With my Blichmann gear (15 and 20-gal kettles and false bottoms), it took me a good 6-8-10 batches (I'm a slow learner!) before I figgered out what others here recommend, i.e. use a constant and fairly healthy flow rate, and constant but very low heat.  Blichmann button-louvered false bottoms seem to take a good bit of flow without getting stuck.

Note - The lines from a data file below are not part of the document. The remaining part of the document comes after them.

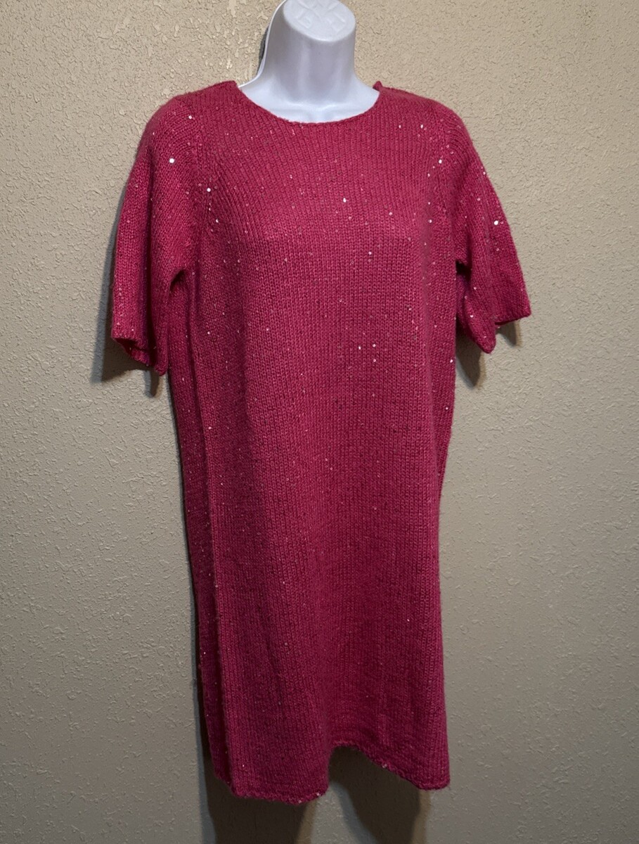 Shimmering sequins highlight a soft knit sweater-dress fashioned with a dipped V-NECK and abbreviated sleeves.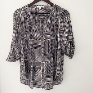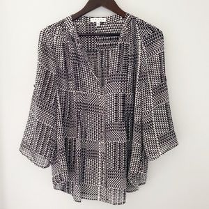 Chaus White and Black Geometric Print Women's Blouse - Size Medium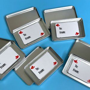 Tin boxes measure 5 x 3.25 x 0.75 inches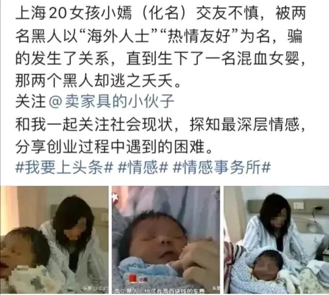 尽管她们中的一些人可以将自己装扮成“人上人”,认为和外国人交往是一件相当了不得的事情,比如那个被英国白人抛弃的、带着混血女儿回到国内要找寻“年薪50万,身高185”的女子,不管其怎么炒作,也是无济于事的。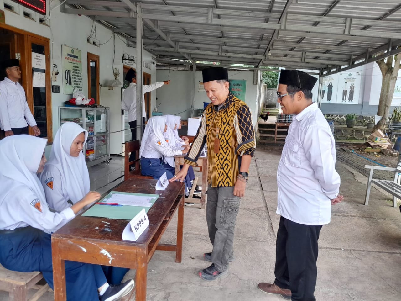 Setelah kegiatan apel, Didin Riswanto bersama pihak sekolah meninjau area tempat pemungutan suara (TPS) yang akan digunakan dalam pemilihan internal tersebut guna memastikan kesiapan sarana dan memberikan contoh mekanisme pemilihan yang sesuai prosedur. (HumasKPUKendal)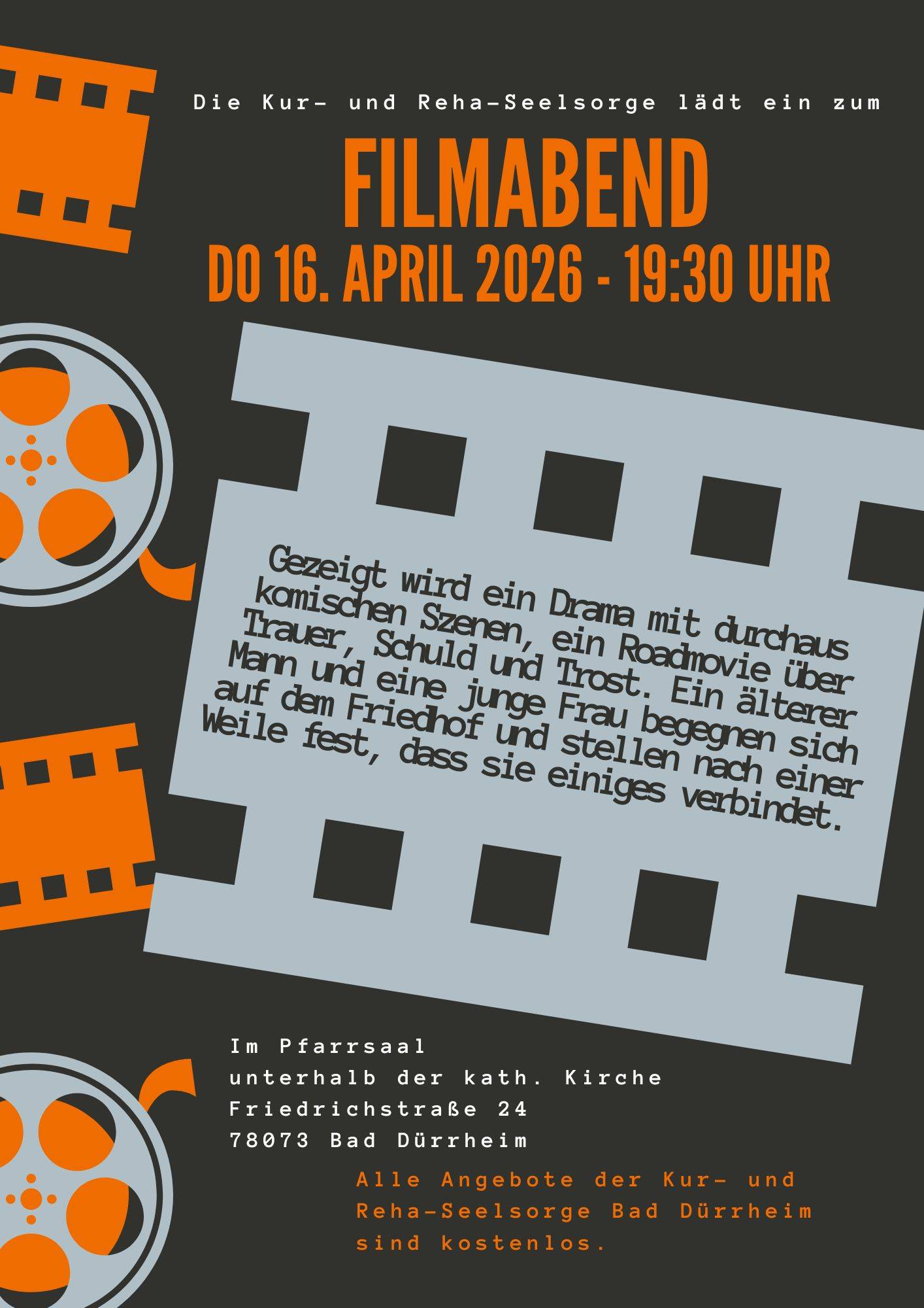 Der nächste Filmabend findet am Donnerstag, 16. April 2026 um 19.30 Uhr im Pfarrsaal in der Friedrichstraße 24 unter der katholischen Kirche statt. Durch die Lichter bekommt der Saal wieder Kino-Atmosphäre - Getränke und Knabbereien werden angeboten.

I was constantly messing with the pump flow, thinking slower was better, and actually created stuck sparges because (I theorize) if there is heat underneath the FB but little to no wort movement, that wort will boil, bubble up, let grain under the FB, and air/grain will get trapped in the pump.  When you see the pump sputtering and seizing with trapped air and grain (as I have through numerous frustrating batches), it leads to a stressful afternoon debating whether you need to get all that mash out of there and start over...ugh.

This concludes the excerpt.